I was surprised to see this same image appear with Ron DeSantis when he signed the law in Florida prohibiting the recognition of LGBTQ identities in classrooms. The GOP is desperately trying to militarize the standard story to demonize the left, labeling activists who fight back against book banning and laws like the one in Florida as “groomers” and “perverts.” In a twisted rhetoric that they also use to justify transphobia and discrimination, they claim to be protecting children.
But we know that this strict gendering of children and toys is harmful to child development, and not only for the kids that identify as gender queer. Insisting that “girl stuff” is undesirable or gross, as that grandfather in the toy store implied with his tone of voice, is an early primer on misogyny because it connects femininity with weakness. While U.S. culture often encourages girls to play with toys we gender as masculine, we often violently prohibit boys playing with toys gendered as feminine.
When Alex was a toddler, I gave him a baby doll to play with and he threw it in the hallway and slammed the door. The most nurturing I’ve seen him be is when he wrapped a robot T-rex in a blanket and rocked the monster like it was a little baby. Ellie, on the other hand, has been fascinated with dolls and babies, and told me the other day to please stop talking because she was trying to get the babies to sleep. For Christmas this year, we’re giving Ellie a dollhouse and Alex a remote-controlled car that can jump off of obstacles and fly through the air. I wouldn’t give us top marks for avoiding the gender factory in our own house, clearly, but I struggle as a parent with how to meet the kids where they are and encourage their interests while also helping them to improve in areas where they don’t excel (see: Alex taking care of human children). I want our kids, and all kids, to have the freedom to be what they most want to be, either in their professions, or gender expression, or in who they chose to love.
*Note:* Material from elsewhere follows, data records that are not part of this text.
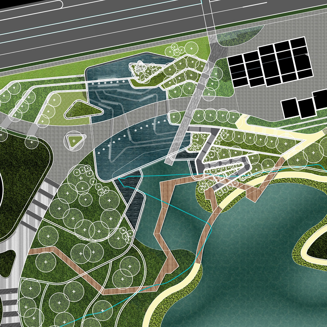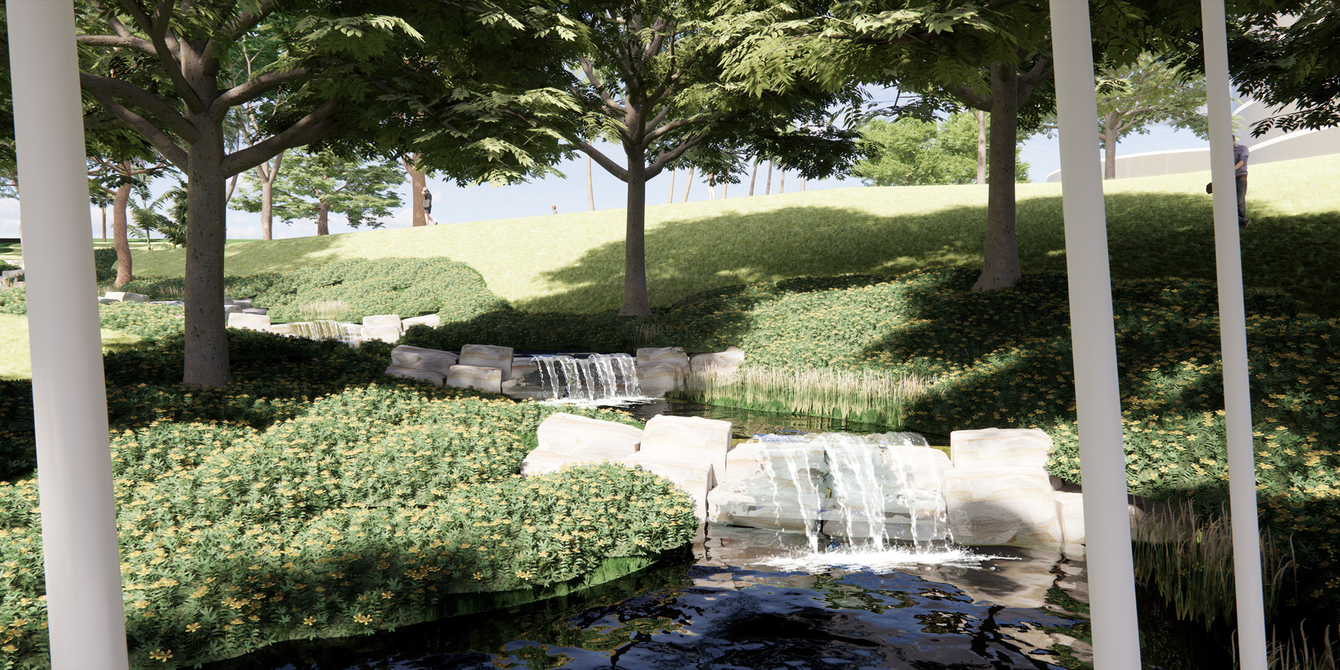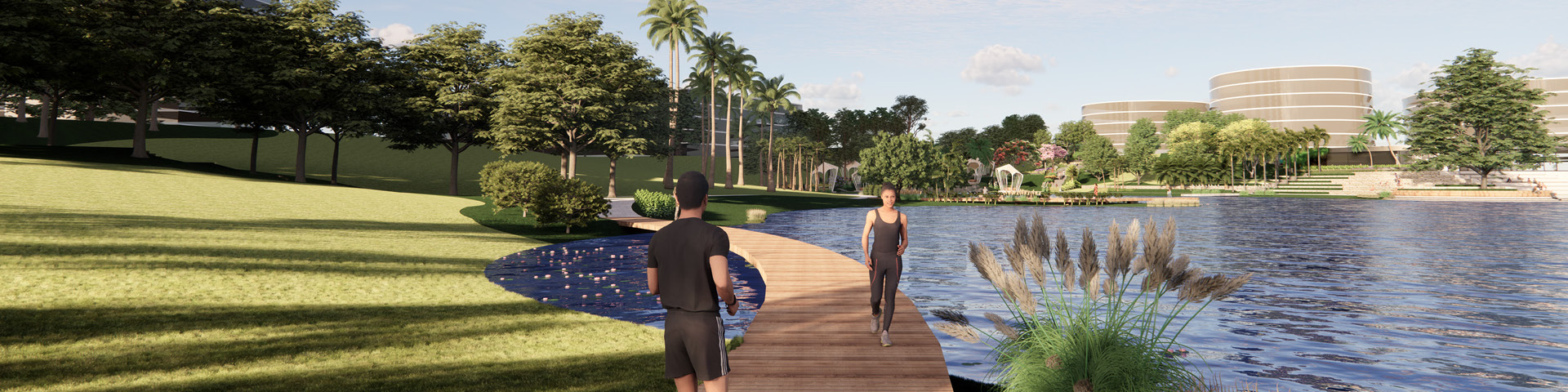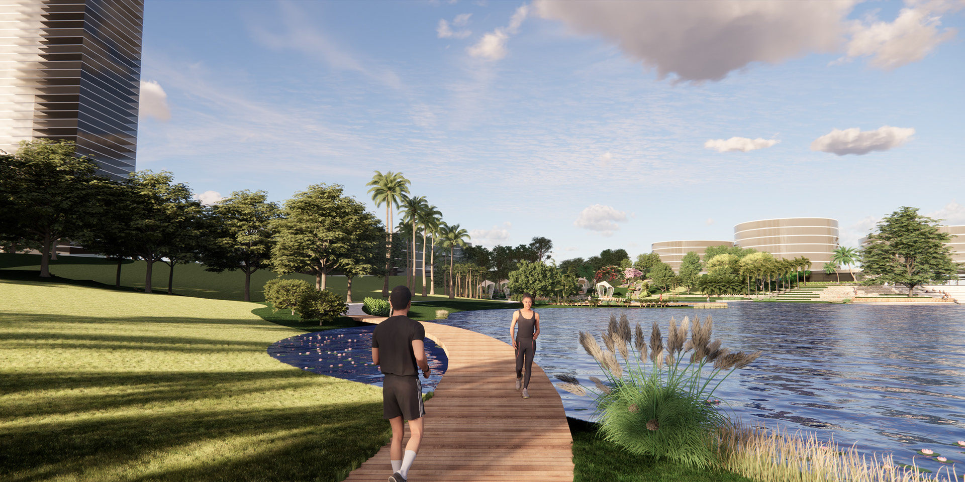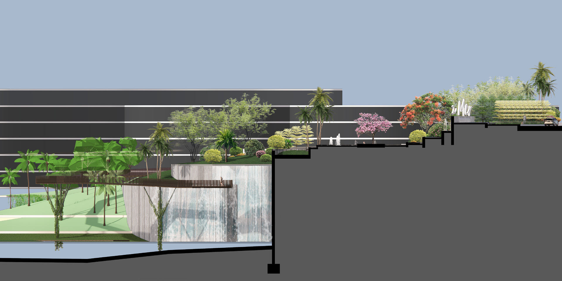 This project transforms the inner lake green space nestled between the main road, the art center, and the commercial hub into a vibrant and dynamic environment. At the heart of this design is a grand open-air amphitheater, ingeniously utilizing a cascading waterfall to address elevation changes while creating a stunning visual centerpiece. This amphitheater not only serves as a focal point but also as a versatile space for community gatherings and cultural events.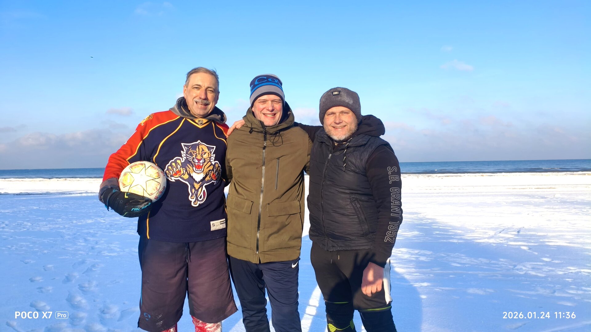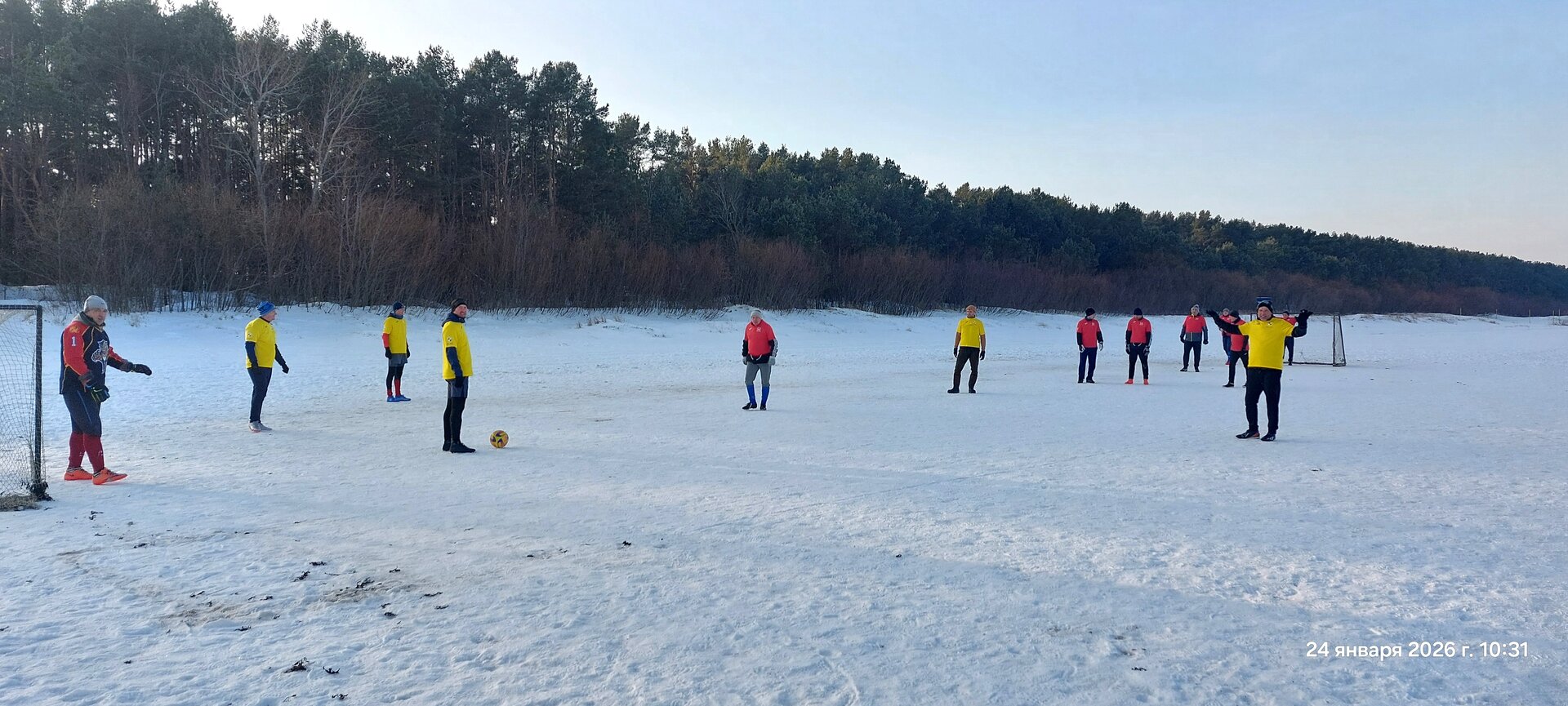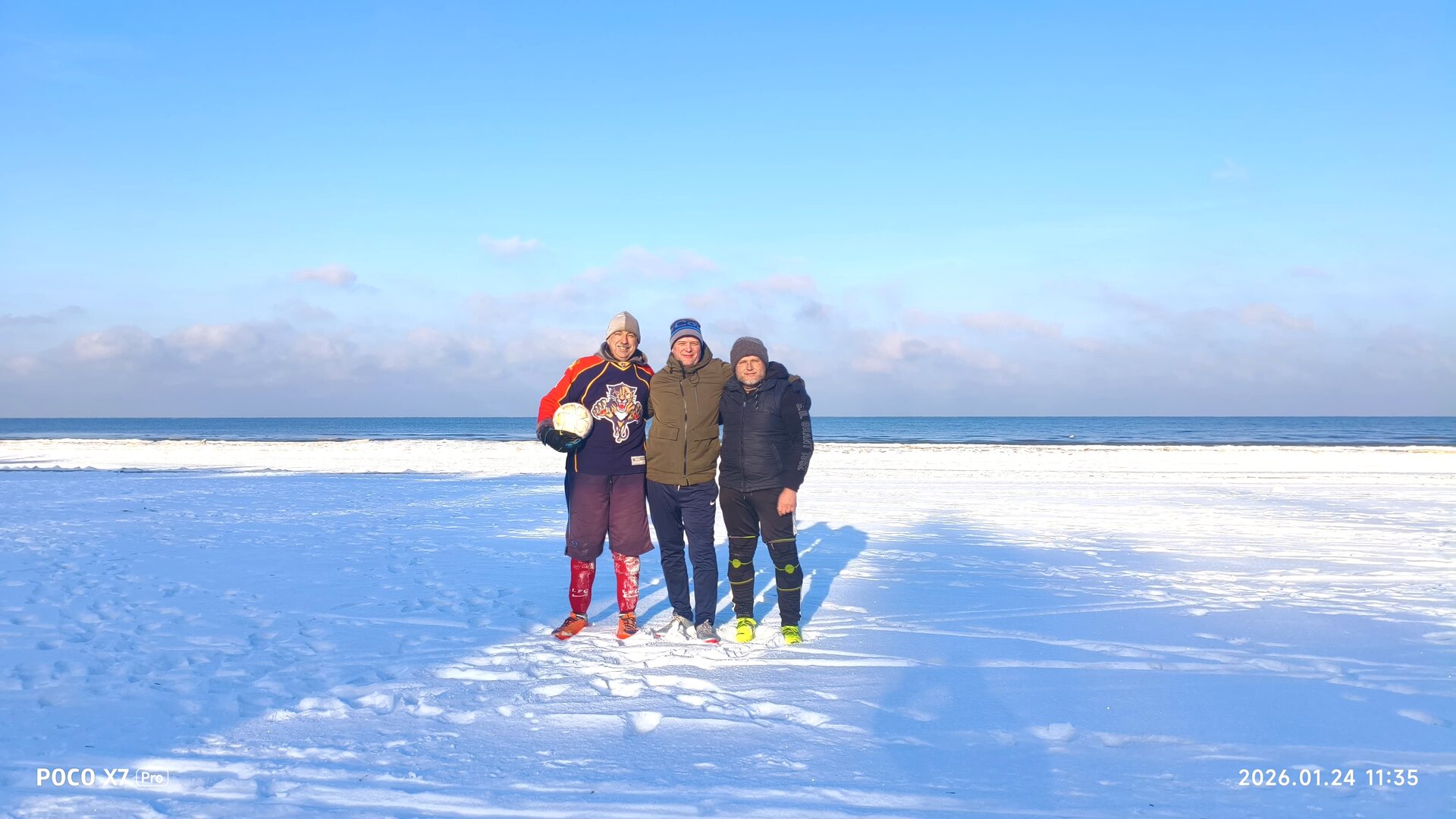 Погода была по-зимнему отличной — юрмальские небеса и в этот раз оказались благосклонны к футболистам «Субботней лиги». Несмотря на мороз, хорошенько утеплившись дома, на поле пришли 14 человек. Среди них неожиданно оказался решивший открыть для себя дубултский сезон-2025/26 Артём Каплюк — одевшийся не только тепло, но и стильно, да так, что ни один присутствующий не смог отвести взгляд от его современных зимних бутс.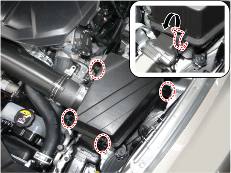 Закройте крышку воздухоочистителя, зацепив зажимы. |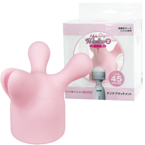 キュートな癒し系ヘッドでお・も・て・な・し!おもてなしデンマ用アタッチメントシリーズ「円舞曲 第二楽章」。こちらはクリトリスを挟めるスリット入り突起と、動物の耳を思わせる2つのぷっくり突起がついた形状。優しい肌触りの医療用グレードシリコンで、快感ポイントを優しく刺激します。※別売りの「おもてなしデンマ(b21566)」だけでなく、ヘッド直径4.5cmの電マ(フェアリーミニ等)であれば装着可能です。
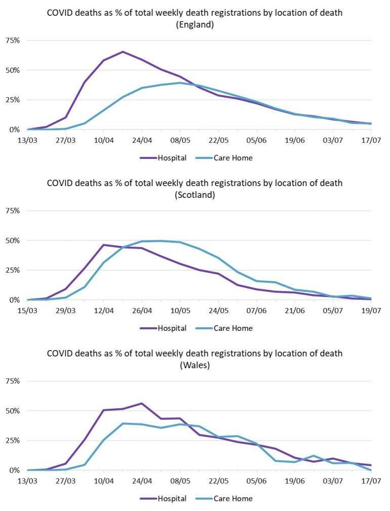 The charts below contrast the differing patterns over the last four months in the location of COVID-19 deaths in England, Scotland and Wales. Each chart shows, for hospitals and care homes separately, the proportion of total deaths registered each week where COVID-19 was mentioned on the death certificate.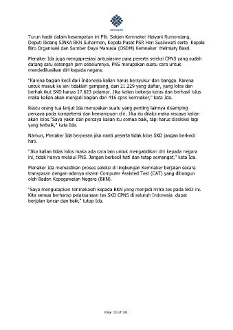 Menaker Ida juga mengapresiasi antusiasme para peserta seleksi CPNS yang sudah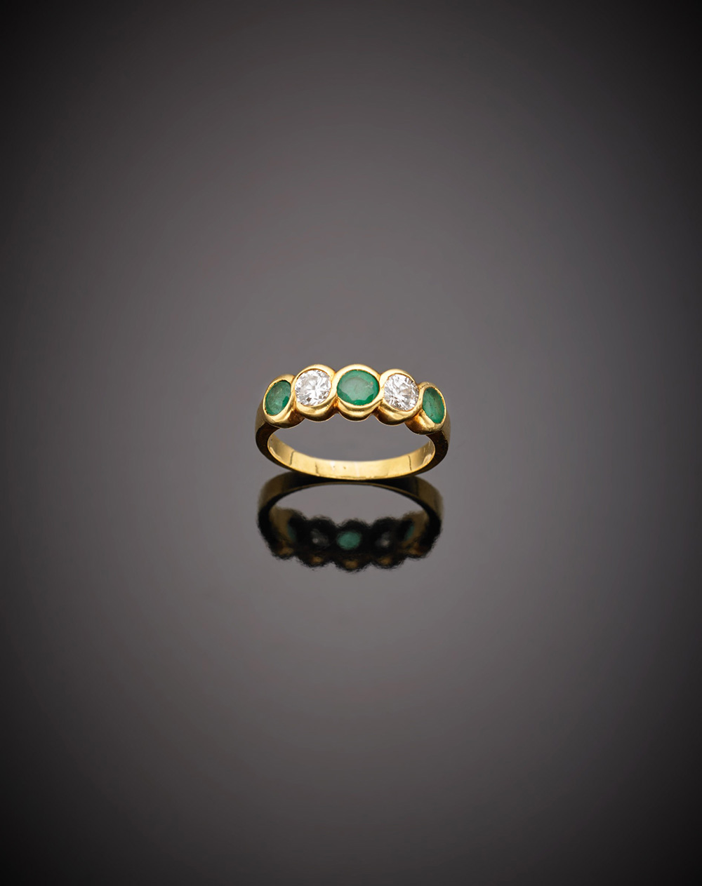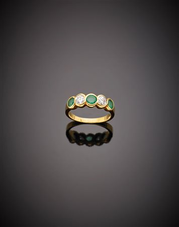 Fedina in oro giallo con tre smeraldi e due diamanti, g.4,10, misura 12/52 Yellow gold diamond and emerald ring, g.4,10 size 12/52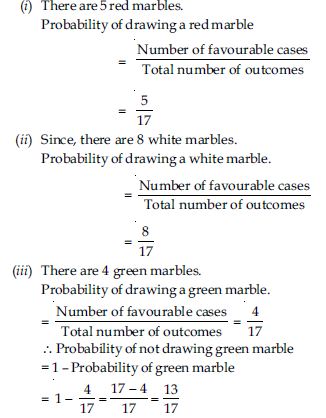 A box contains 5 red marbles, 8 white marbles and 4 green marbles. One marble is taken out of the box at random. What is the probability that the marble taken out will be (i) red? (ii) white? (iii) not green?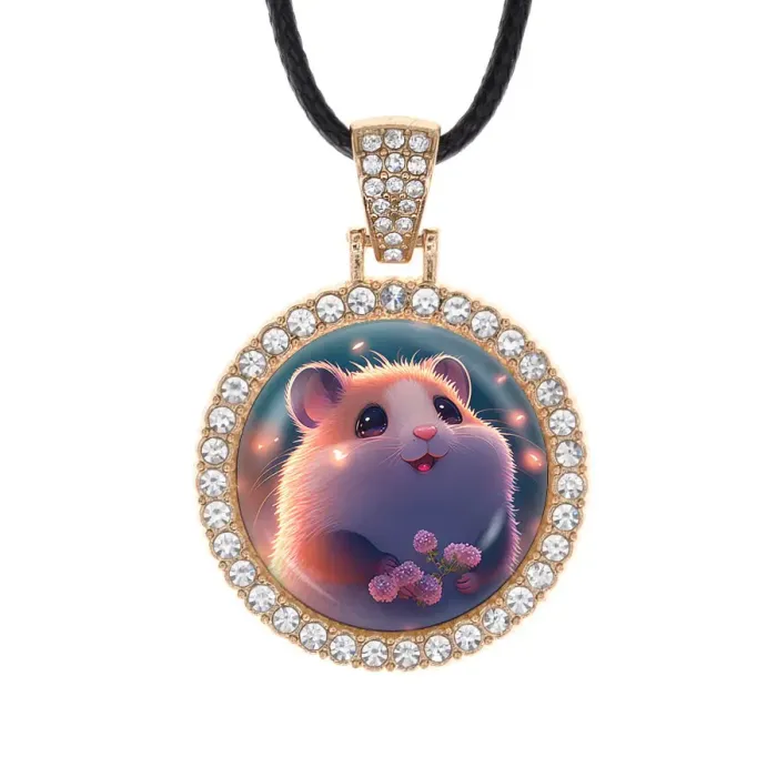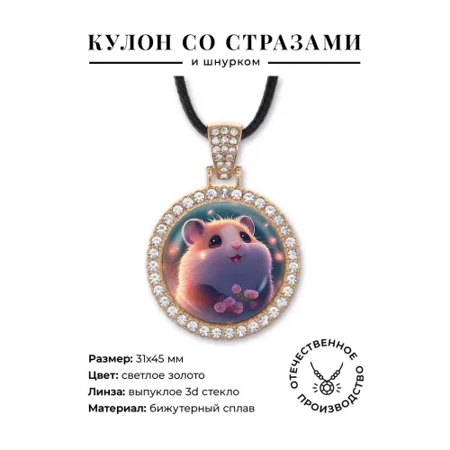 Кулон-амулет в виде хомячка из бижутерного сплава со стразами и выпуклой стеклянной линзой.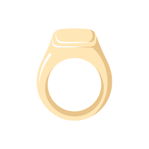 A signet ring is a ring with a flat top, often engraved with a symbol or initials. It has been traditionally used to show identity or family heritage.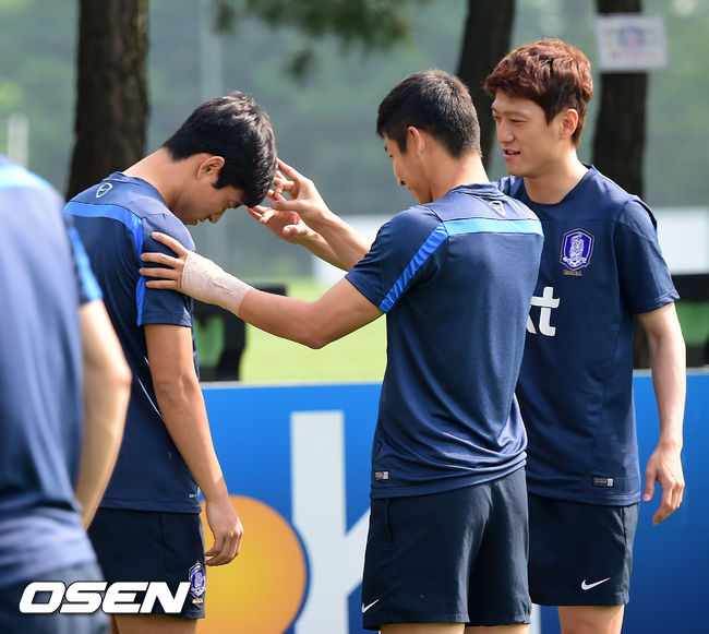 박주영이 파주 NFC에서 훈련 중 이근호와 이청용에게 딱밤을 맞고 있다.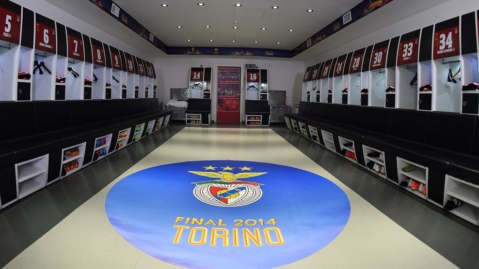 Este é o Balneário onde os jogadores do Benfica vão se equipar e ouvir as táticas pela voz de Jorge Jesus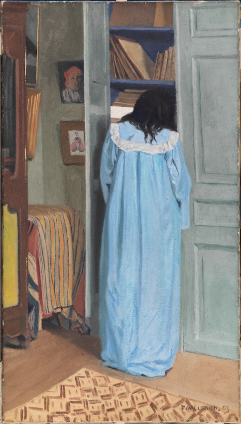 2 Intérieur, femme en bleu fouillant dans une armoire, en 1903, Félix Vallotton (1865-1925), huile sur toile, 81,0 x 46,0 cm, Paris, musée d’Orsay

Alex with his “baby,” October 2021.
The gendering of toys may seem relatively innocuous but it sets our children up to repeat the patterns of bias and exclusion that keeps the patriarchy humming along. Pushing girls to worship princesses tells them that what is most important is being nice (even when everyone is treating you like shit, i.e. the plot of Cinderella and Snow White) and looking pretty. Giving boys STEM toys might literally make them better at math and science, setting them up to be the superior wage earners that perpetuates the gender pay gap.
For our final in WGST, I ask students what they would imagine for a utopic society, and many of them argue that the best approach would be to eliminate gender all together, because it makes people more free. Getting rid of gender doesn’t mean eliminating the traits we associate with masculinities and femininities. It would just mean that anyone could wear sparkly clothes, try to be nice when people are being assholes, learn how to rock a baby or solve complex spatial puzzles. It might also mean we could banish the dominant notions of American masculinity that celebrate violence, greed and physical prowess as the best ways to be a man or the alarming pressures of American femininity pushing women to get Botox in their 20s and undergo major cosmetic surgeries.
So this holiday season, after all the presents have been unwrapped and the kids are quietly playing with all their new toys, be on the lookout for gender shaming, and see if you can’t help the kids in your life expand their possibilities with some sparkly toys and baby dolls, or by sharing those brain-building STEM toys. We’ll all be better off for it.